#### PROVIDED MATERIAL ####

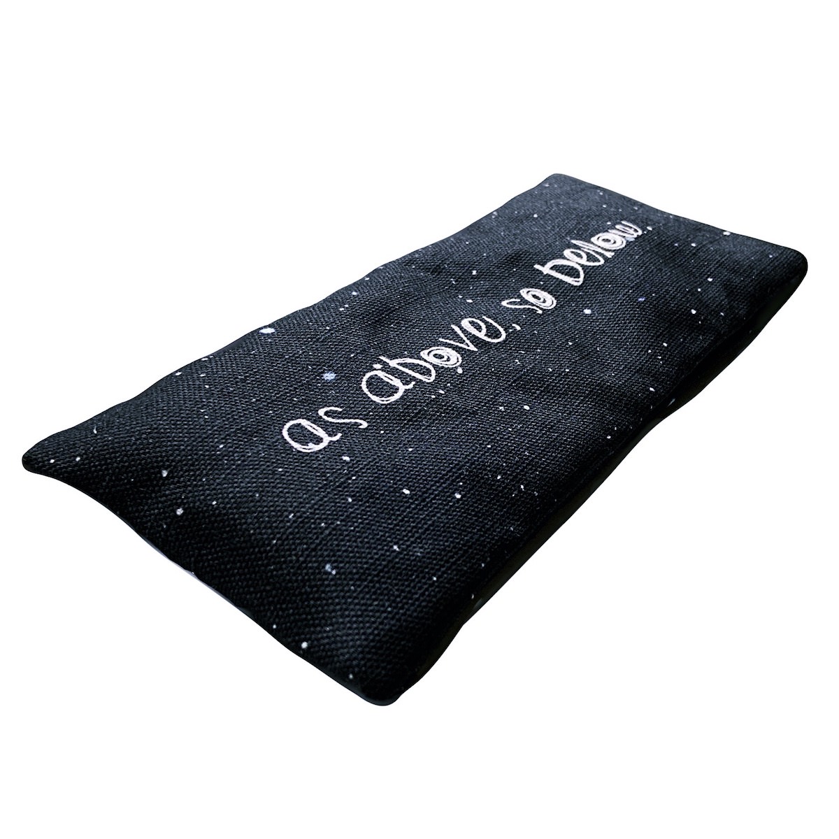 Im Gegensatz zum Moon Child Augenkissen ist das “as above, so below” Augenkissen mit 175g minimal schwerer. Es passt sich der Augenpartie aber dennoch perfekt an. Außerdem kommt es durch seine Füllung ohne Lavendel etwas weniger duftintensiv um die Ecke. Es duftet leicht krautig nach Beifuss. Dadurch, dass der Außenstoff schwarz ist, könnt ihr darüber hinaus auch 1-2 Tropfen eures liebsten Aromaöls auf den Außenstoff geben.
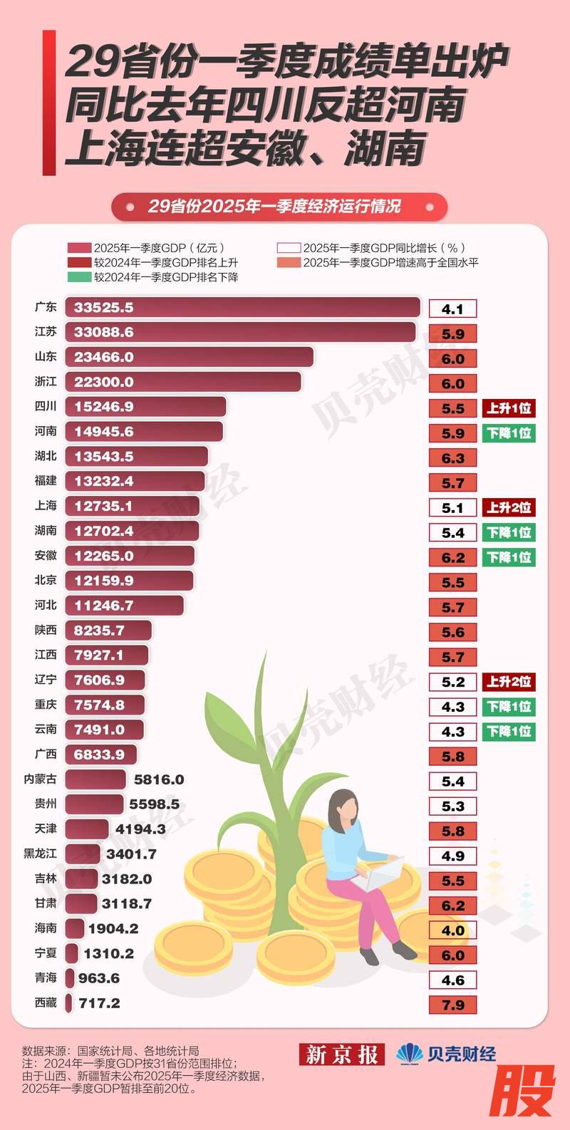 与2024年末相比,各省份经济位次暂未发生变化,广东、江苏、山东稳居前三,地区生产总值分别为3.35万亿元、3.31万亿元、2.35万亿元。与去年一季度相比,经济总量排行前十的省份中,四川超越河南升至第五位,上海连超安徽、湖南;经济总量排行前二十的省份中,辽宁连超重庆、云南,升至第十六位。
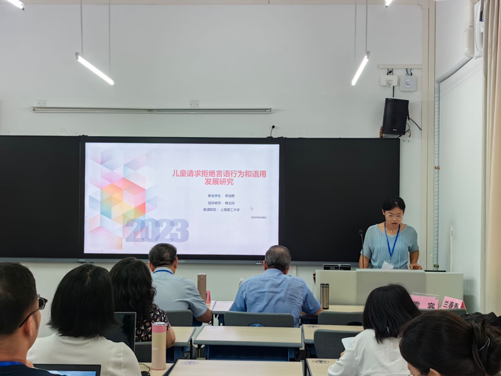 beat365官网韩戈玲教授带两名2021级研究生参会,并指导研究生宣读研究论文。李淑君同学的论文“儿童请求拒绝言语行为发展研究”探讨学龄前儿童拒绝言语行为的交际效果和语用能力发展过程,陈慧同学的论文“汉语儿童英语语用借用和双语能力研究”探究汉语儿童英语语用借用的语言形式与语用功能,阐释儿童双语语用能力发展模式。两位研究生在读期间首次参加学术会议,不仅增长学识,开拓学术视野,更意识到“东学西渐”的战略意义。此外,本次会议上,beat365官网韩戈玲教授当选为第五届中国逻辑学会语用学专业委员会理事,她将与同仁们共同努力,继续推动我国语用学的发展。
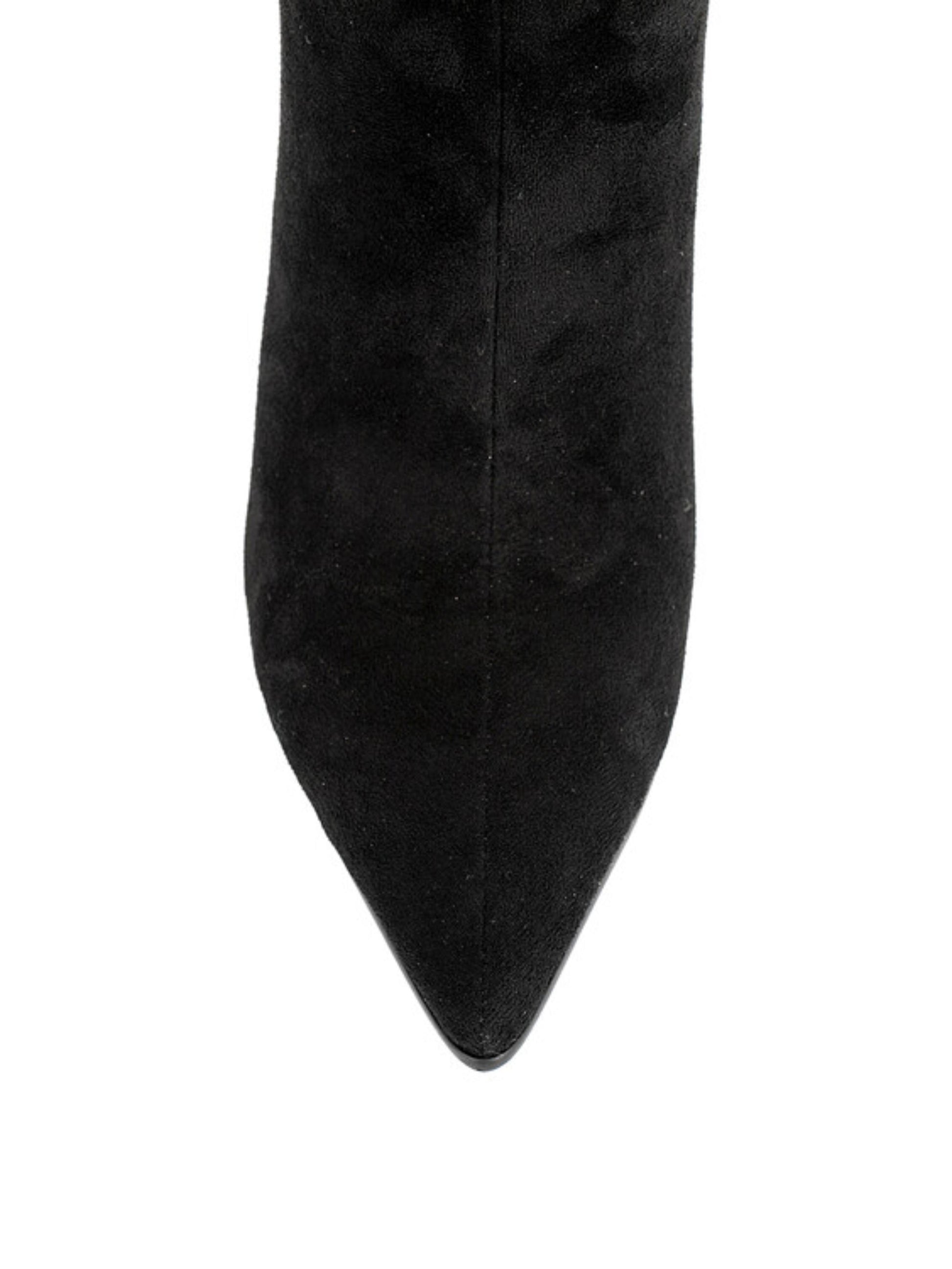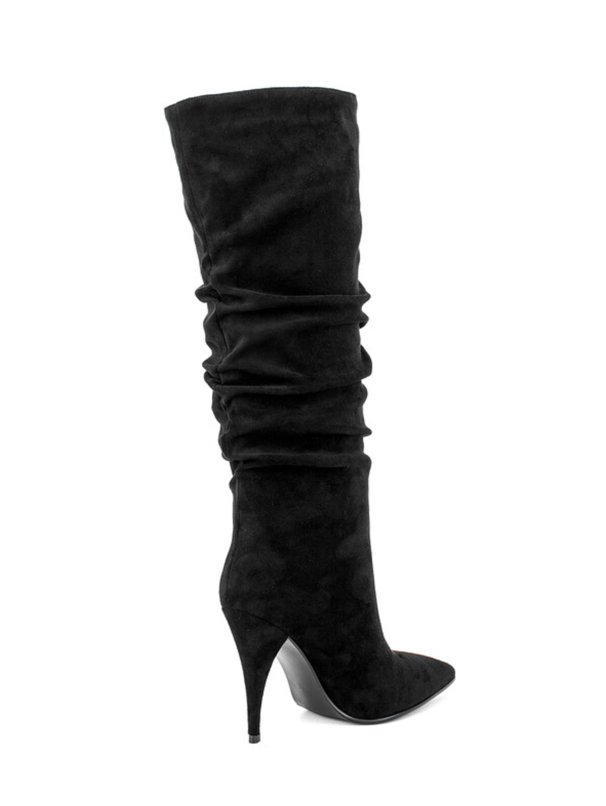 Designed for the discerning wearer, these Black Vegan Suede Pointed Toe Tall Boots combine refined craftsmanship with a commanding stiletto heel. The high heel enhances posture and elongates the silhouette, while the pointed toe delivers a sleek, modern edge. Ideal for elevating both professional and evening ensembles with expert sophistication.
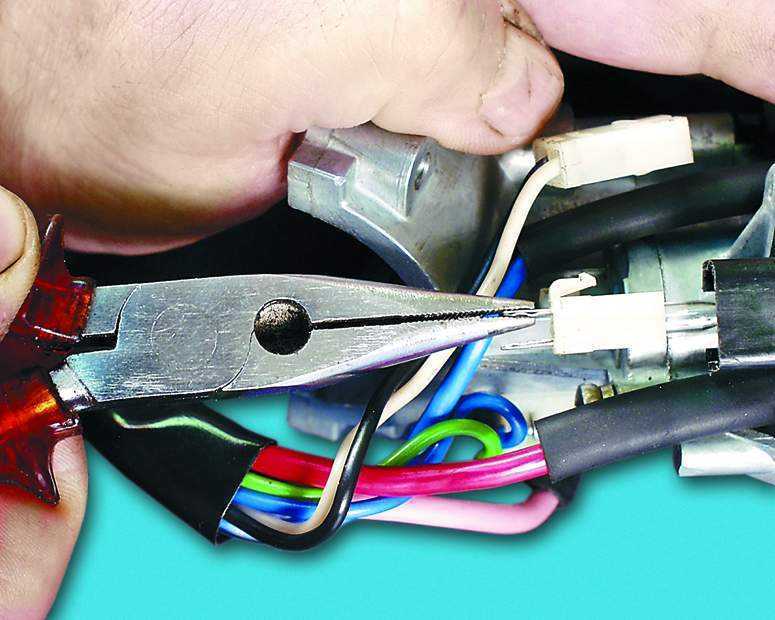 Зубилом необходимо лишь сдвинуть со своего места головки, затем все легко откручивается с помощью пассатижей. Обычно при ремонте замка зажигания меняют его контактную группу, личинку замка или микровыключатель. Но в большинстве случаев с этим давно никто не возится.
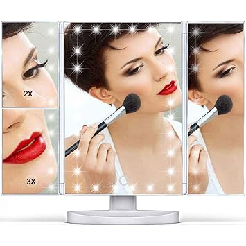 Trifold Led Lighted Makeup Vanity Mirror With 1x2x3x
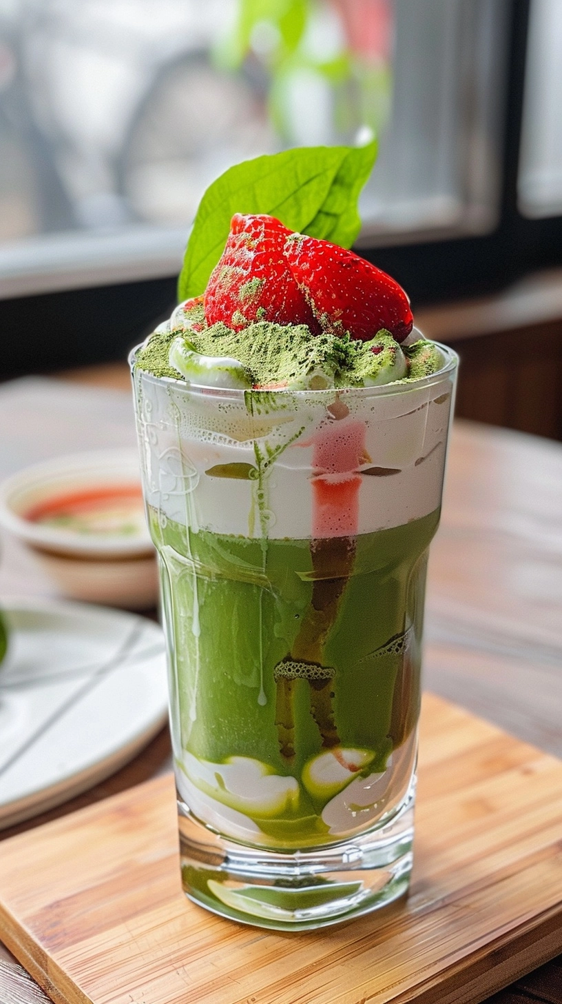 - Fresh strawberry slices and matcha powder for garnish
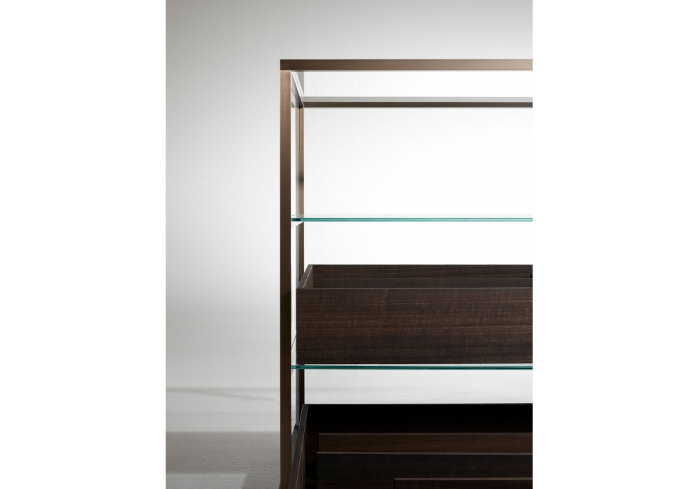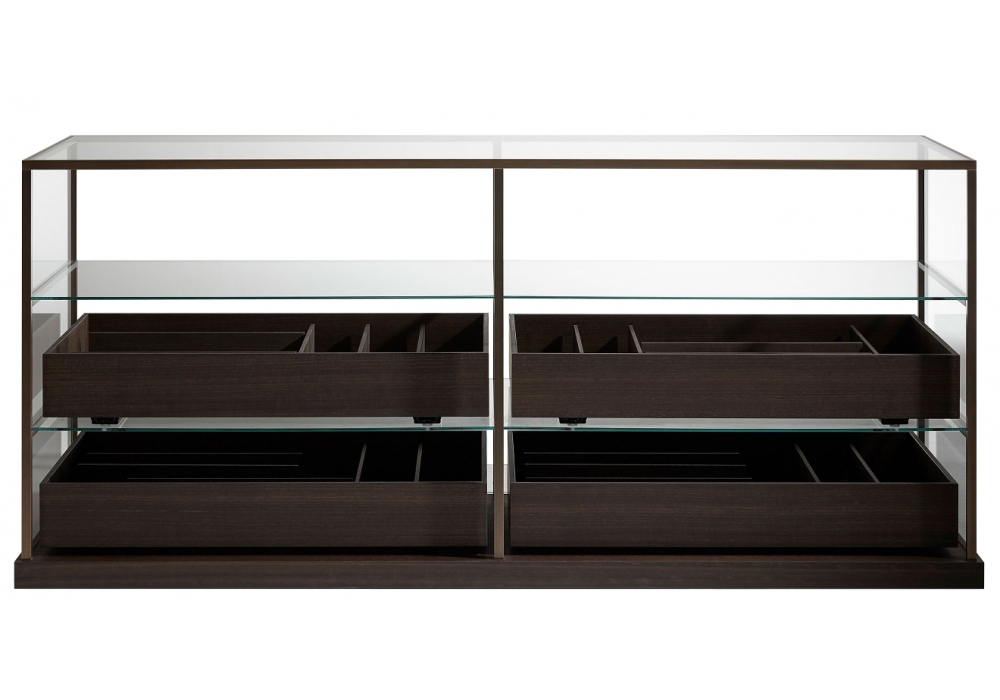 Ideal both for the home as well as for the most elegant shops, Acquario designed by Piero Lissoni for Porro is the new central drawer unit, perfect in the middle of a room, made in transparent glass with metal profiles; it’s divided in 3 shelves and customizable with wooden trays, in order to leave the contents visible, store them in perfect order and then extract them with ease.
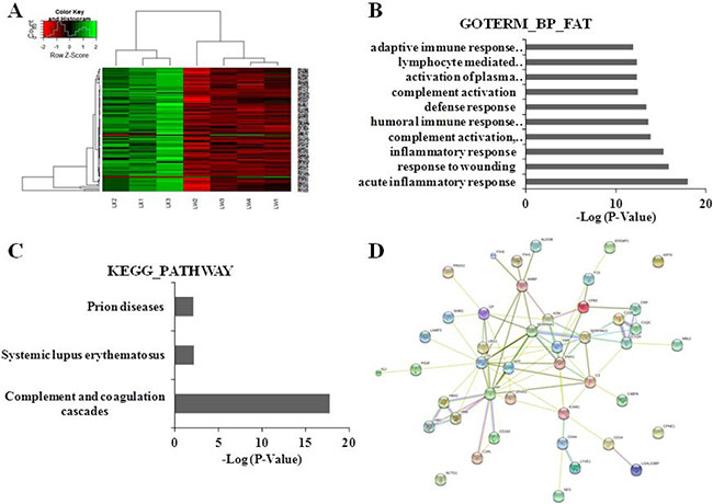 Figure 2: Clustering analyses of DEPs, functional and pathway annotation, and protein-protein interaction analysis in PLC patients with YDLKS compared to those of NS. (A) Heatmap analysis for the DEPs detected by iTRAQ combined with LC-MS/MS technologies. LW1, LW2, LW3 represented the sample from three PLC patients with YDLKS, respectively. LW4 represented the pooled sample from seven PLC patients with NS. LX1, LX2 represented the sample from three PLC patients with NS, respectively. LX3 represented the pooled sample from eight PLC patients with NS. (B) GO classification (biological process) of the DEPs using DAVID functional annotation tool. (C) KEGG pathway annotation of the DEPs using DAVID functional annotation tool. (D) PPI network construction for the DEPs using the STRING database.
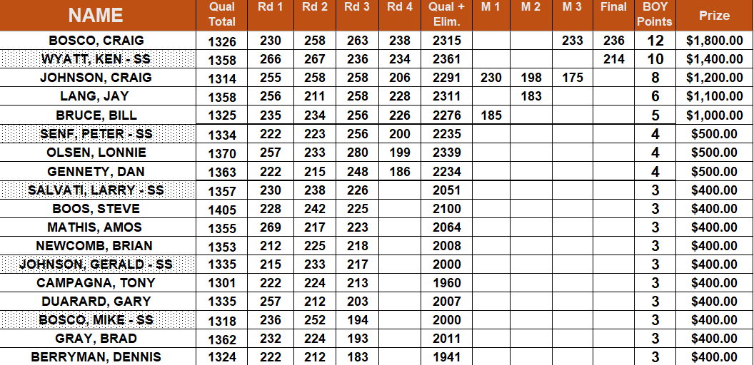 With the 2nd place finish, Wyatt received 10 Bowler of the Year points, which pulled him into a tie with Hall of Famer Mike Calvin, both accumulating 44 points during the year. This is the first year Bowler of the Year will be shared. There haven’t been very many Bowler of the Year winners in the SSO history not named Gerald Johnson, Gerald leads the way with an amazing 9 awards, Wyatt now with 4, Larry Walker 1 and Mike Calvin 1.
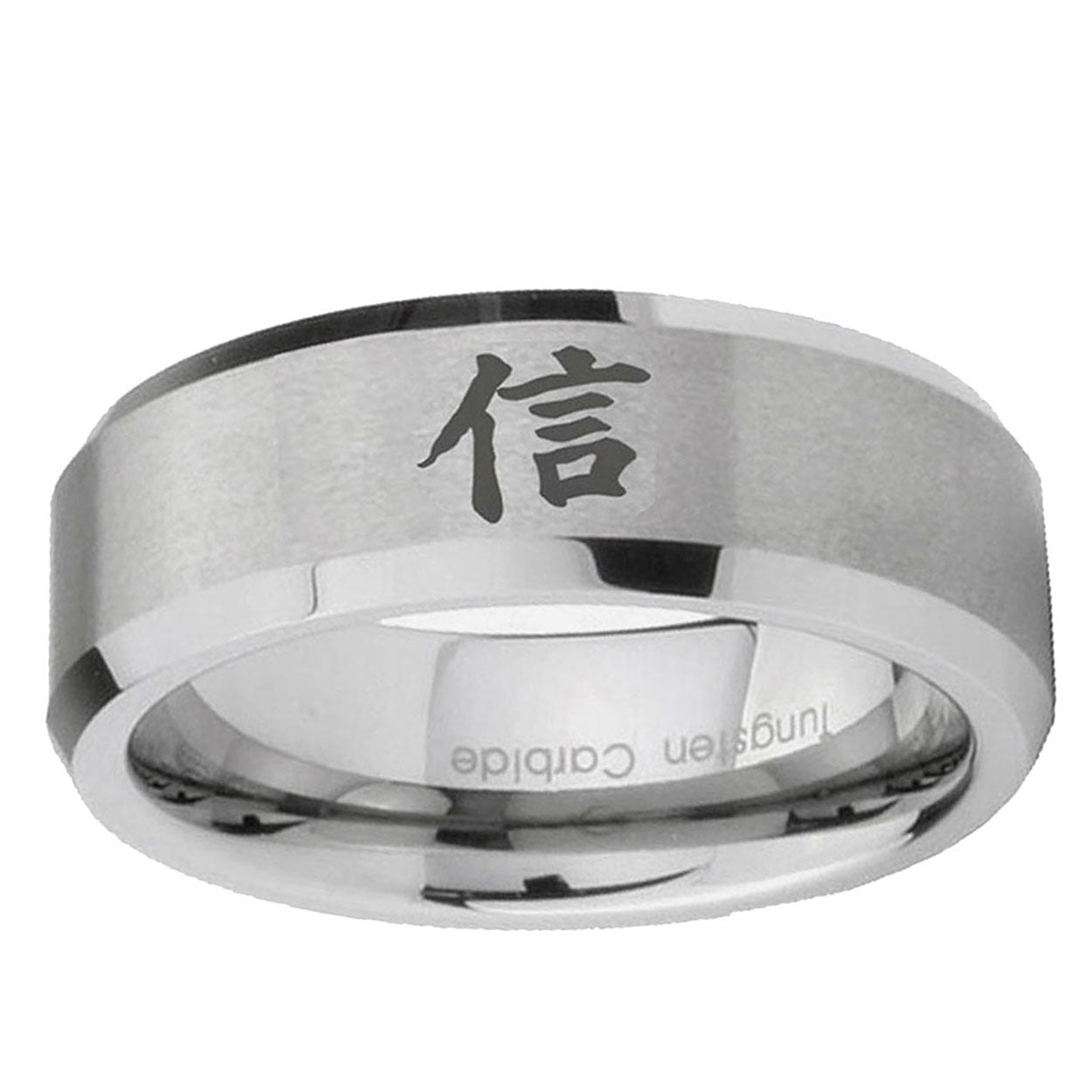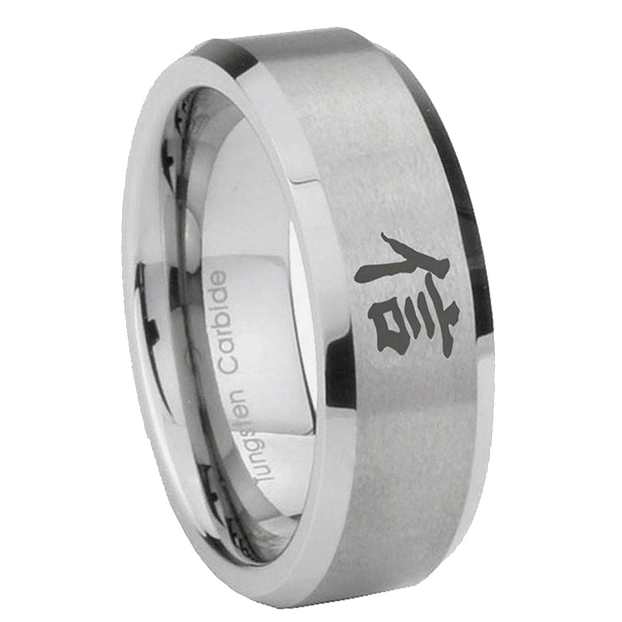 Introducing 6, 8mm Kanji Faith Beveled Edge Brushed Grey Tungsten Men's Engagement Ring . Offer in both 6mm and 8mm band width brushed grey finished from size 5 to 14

####

§ WHAT THE TASK ASKS
Take the entries above and copy exactly the lines starting at the one with "与2024年末相比,各省份经" and ending at the one with "Ideal both for"; nothing outside that span, and no pictures.

§ RESPONSE TO THE TASK
 与2024年末相比,各省份经济位次暂未发生变化,广东、江苏、山东稳居前三,地区生产总值分别为3.35万亿元、3.31万亿元、2.35万亿元。与去年一季度相比,经济总量排行前十的省份中,四川超越河南升至第五位,上海连超安徽、湖南;经济总量排行前二十的省份中,辽宁连超重庆、云南,升至第十六位。
 beat365官网韩戈玲教授带两名2021级研究生参会,并指导研究生宣读研究论文。李淑君同学的论文“儿童请求拒绝言语行为发展研究”探讨学龄前儿童拒绝言语行为的交际效果和语用能力发展过程,陈慧同学的论文“汉语儿童英语语用借用和双语能力研究”探究汉语儿童英语语用借用的语言形式与语用功能,阐释儿童双语语用能力发展模式。两位研究生在读期间首次参加学术会议,不仅增长学识,开拓学术视野,更意识到“东学西渐”的战略意义。此外,本次会议上,beat365官网韩戈玲教授当选为第五届中国逻辑学会语用学专业委员会理事,她将与同仁们共同努力,继续推动我国语用学的发展。
 Designed for the discerning wearer, these Black Vegan Suede Pointed Toe Tall Boots combine refined craftsmanship with a commanding stiletto heel. The high heel enhances posture and elongates the silhouette, while the pointed toe delivers a sleek, modern edge. Ideal for elevating both professional and evening ensembles with expert sophistication.
 Зубилом необходимо лишь сдвинуть со своего места головки, затем все легко откручивается с помощью пассатижей. Обычно при ремонте замка зажигания меняют его контактную группу, личинку замка или микровыключатель. Но в большинстве случаев с этим давно никто не возится.
 Trifold Led Lighted Makeup Vanity Mirror With 1x2x3x
 - Fresh strawberry slices and matcha powder for garnish
 Ideal both for the home as well as for the most elegant shops, Acquario designed by Piero Lissoni for Porro is the new central drawer unit, perfect in the middle of a room, made in transparent glass with metal profiles; it’s divided in 3 shelves and customizable with wooden trays, in order to leave the contents visible, store them in perfect order and then extract them with ease.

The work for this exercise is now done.